(Items from a dataset)
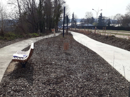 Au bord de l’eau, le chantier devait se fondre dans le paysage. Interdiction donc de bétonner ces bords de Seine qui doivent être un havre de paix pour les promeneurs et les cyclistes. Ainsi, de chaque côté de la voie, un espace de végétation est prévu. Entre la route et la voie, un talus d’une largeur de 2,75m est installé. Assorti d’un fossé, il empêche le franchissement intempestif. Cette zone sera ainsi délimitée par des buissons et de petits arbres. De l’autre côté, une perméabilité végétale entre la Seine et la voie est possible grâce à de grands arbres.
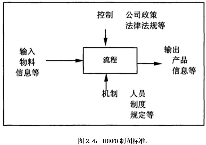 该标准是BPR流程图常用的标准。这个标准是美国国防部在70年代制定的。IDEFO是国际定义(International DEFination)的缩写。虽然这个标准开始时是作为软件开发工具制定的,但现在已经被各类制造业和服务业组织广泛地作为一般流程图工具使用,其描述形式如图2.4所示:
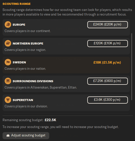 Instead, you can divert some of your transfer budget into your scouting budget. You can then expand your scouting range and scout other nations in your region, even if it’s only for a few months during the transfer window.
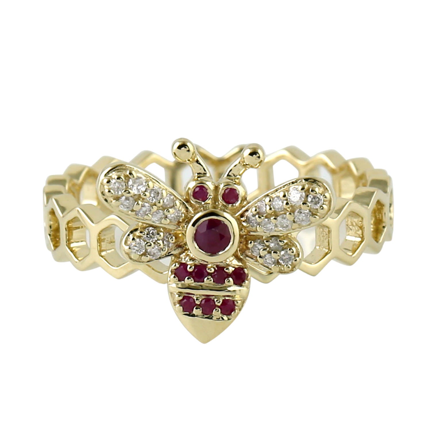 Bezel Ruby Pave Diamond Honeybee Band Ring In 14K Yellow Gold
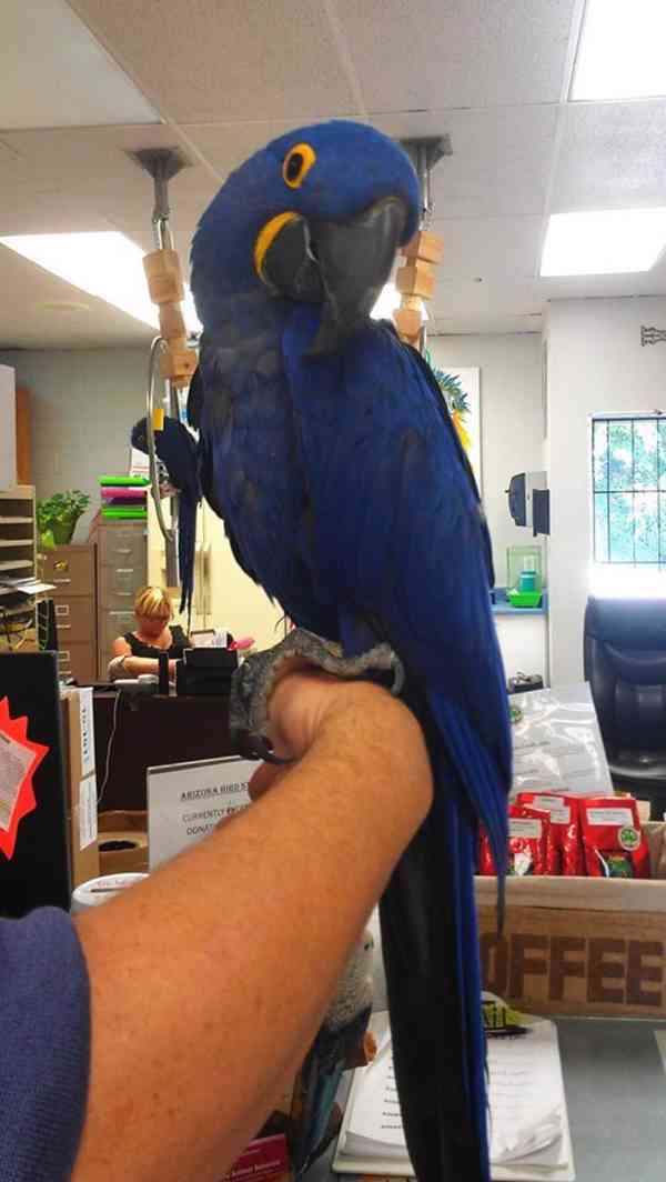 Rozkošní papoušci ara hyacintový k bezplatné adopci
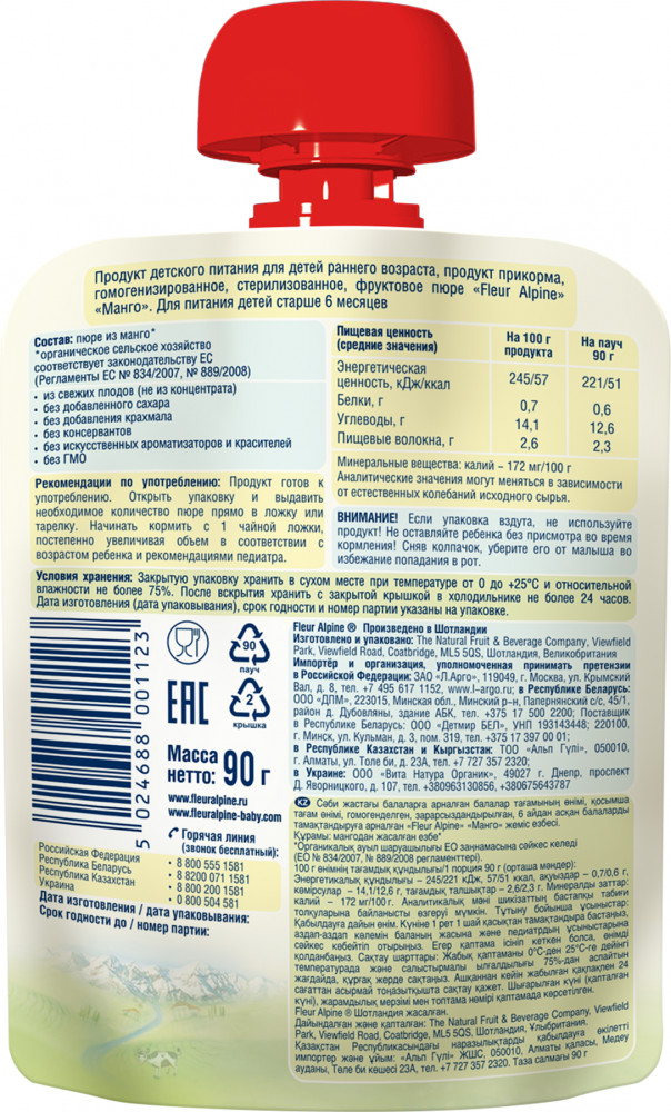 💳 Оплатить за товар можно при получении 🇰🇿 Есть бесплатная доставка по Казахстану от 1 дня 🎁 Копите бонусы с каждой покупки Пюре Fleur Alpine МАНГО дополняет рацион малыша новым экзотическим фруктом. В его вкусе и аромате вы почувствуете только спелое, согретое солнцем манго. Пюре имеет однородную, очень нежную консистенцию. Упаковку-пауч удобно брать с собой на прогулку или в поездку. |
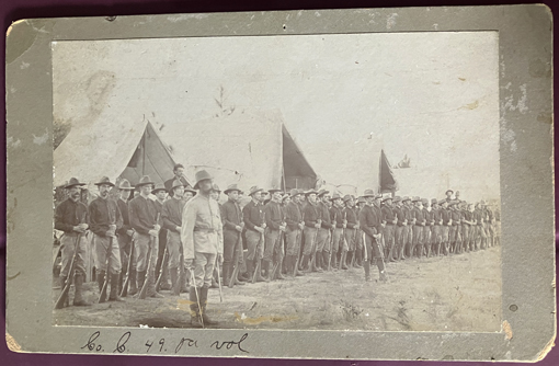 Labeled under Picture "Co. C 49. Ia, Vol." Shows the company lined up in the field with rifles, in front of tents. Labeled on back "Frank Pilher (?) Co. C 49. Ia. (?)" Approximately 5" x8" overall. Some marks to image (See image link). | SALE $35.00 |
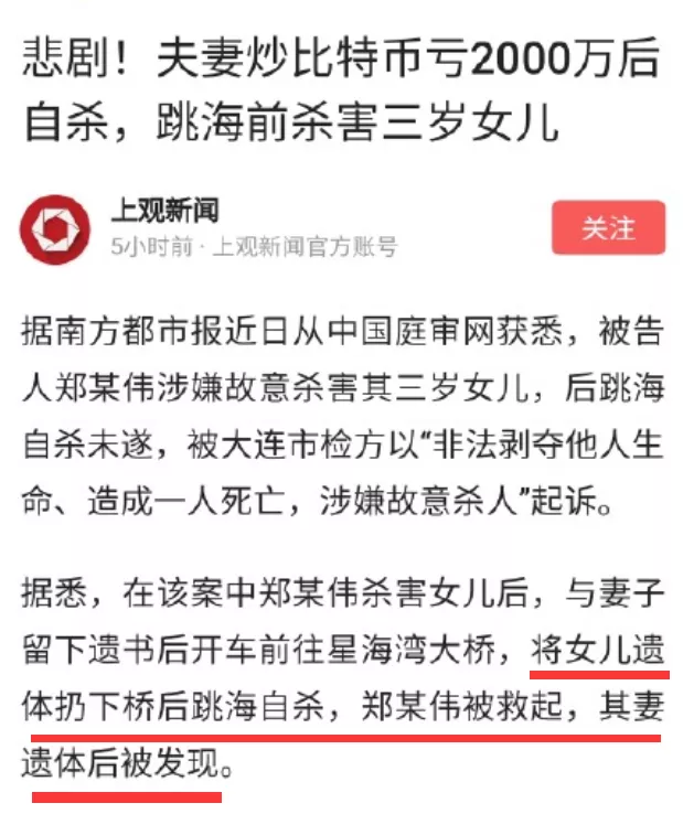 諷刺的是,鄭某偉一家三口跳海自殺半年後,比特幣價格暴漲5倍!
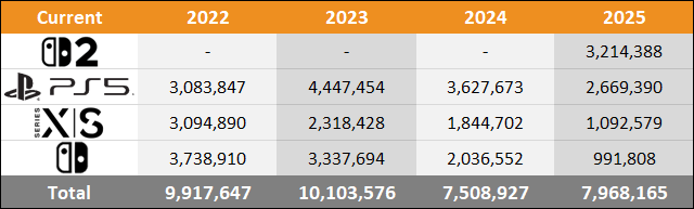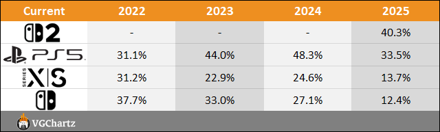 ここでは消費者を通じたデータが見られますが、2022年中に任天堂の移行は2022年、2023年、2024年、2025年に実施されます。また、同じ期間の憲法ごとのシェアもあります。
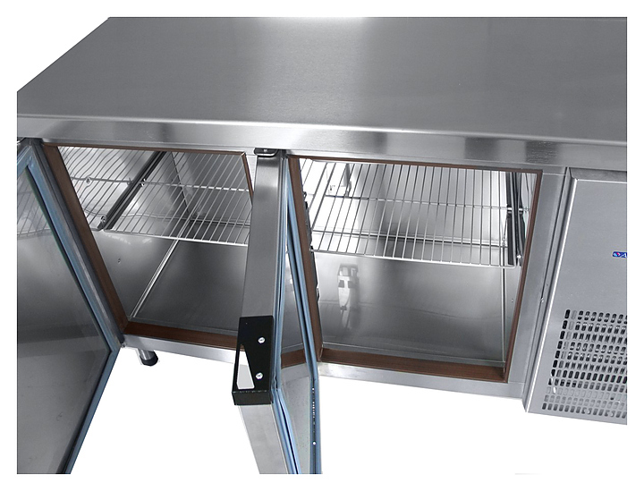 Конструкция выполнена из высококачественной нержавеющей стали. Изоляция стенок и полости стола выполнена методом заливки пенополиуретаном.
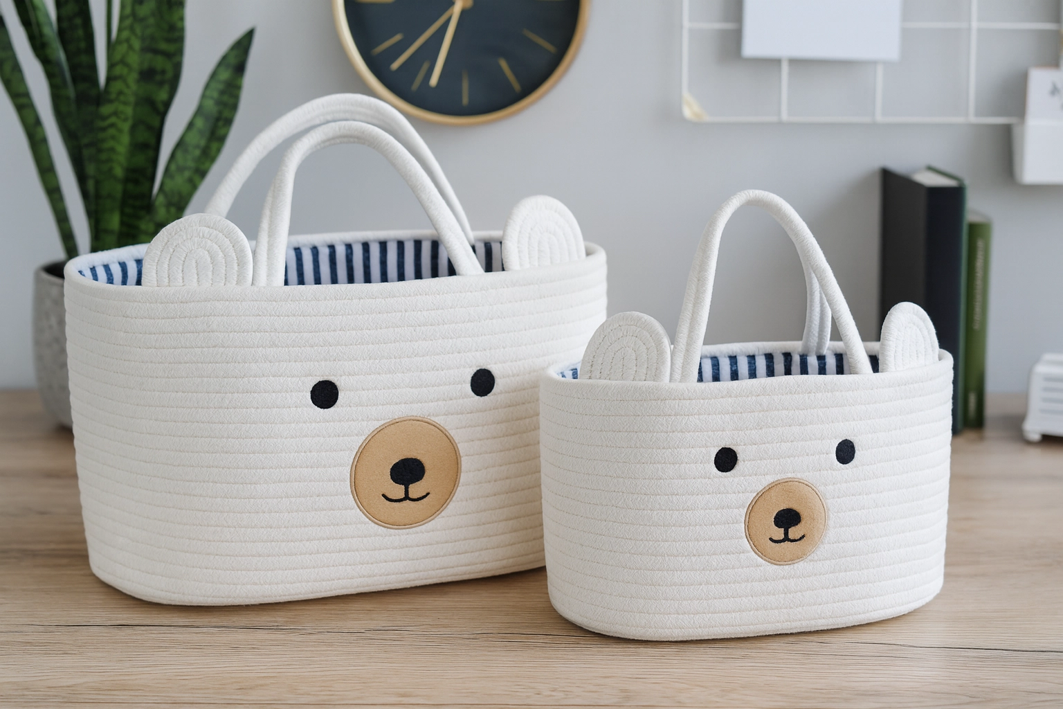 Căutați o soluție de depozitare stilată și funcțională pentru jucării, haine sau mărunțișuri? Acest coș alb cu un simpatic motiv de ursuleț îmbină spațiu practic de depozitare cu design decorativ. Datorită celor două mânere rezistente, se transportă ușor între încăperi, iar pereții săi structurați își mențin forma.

Try it
Please print the lines above word for word, starting at the one with "Rozkošní papoušci ara" and ending at the one with "ここでは消費者を通じたデータ", both included, and without any picture.

Exercise output
 Rozkošní papoušci ara hyacintový k bezplatné adopci
 💳 Оплатить за товар можно при получении 🇰🇿 Есть бесплатная доставка по Казахстану от 1 дня 🎁 Копите бонусы с каждой покупки Пюре Fleur Alpine МАНГО дополняет рацион малыша новым экзотическим фруктом. В его вкусе и аромате вы почувствуете только спелое, согретое солнцем манго. Пюре имеет однородную, очень нежную консистенцию. Упаковку-пауч удобно брать с собой на прогулку или в поездку. |
 Labeled under Picture "Co. C 49. Ia, Vol." Shows the company lined up in the field with rifles, in front of tents. Labeled on back "Frank Pilher (?) Co. C 49. Ia. (?)" Approximately 5" x8" overall. Some marks to image (See image link). | SALE $35.00 |
 諷刺的是,鄭某偉一家三口跳海自殺半年後,比特幣價格暴漲5倍!
 ここでは消費者を通じたデータが見られますが、2022年中に任天堂の移行は2022年、2023年、2024年、2025年に実施されます。また、同じ期間の憲法ごとのシェアもあります。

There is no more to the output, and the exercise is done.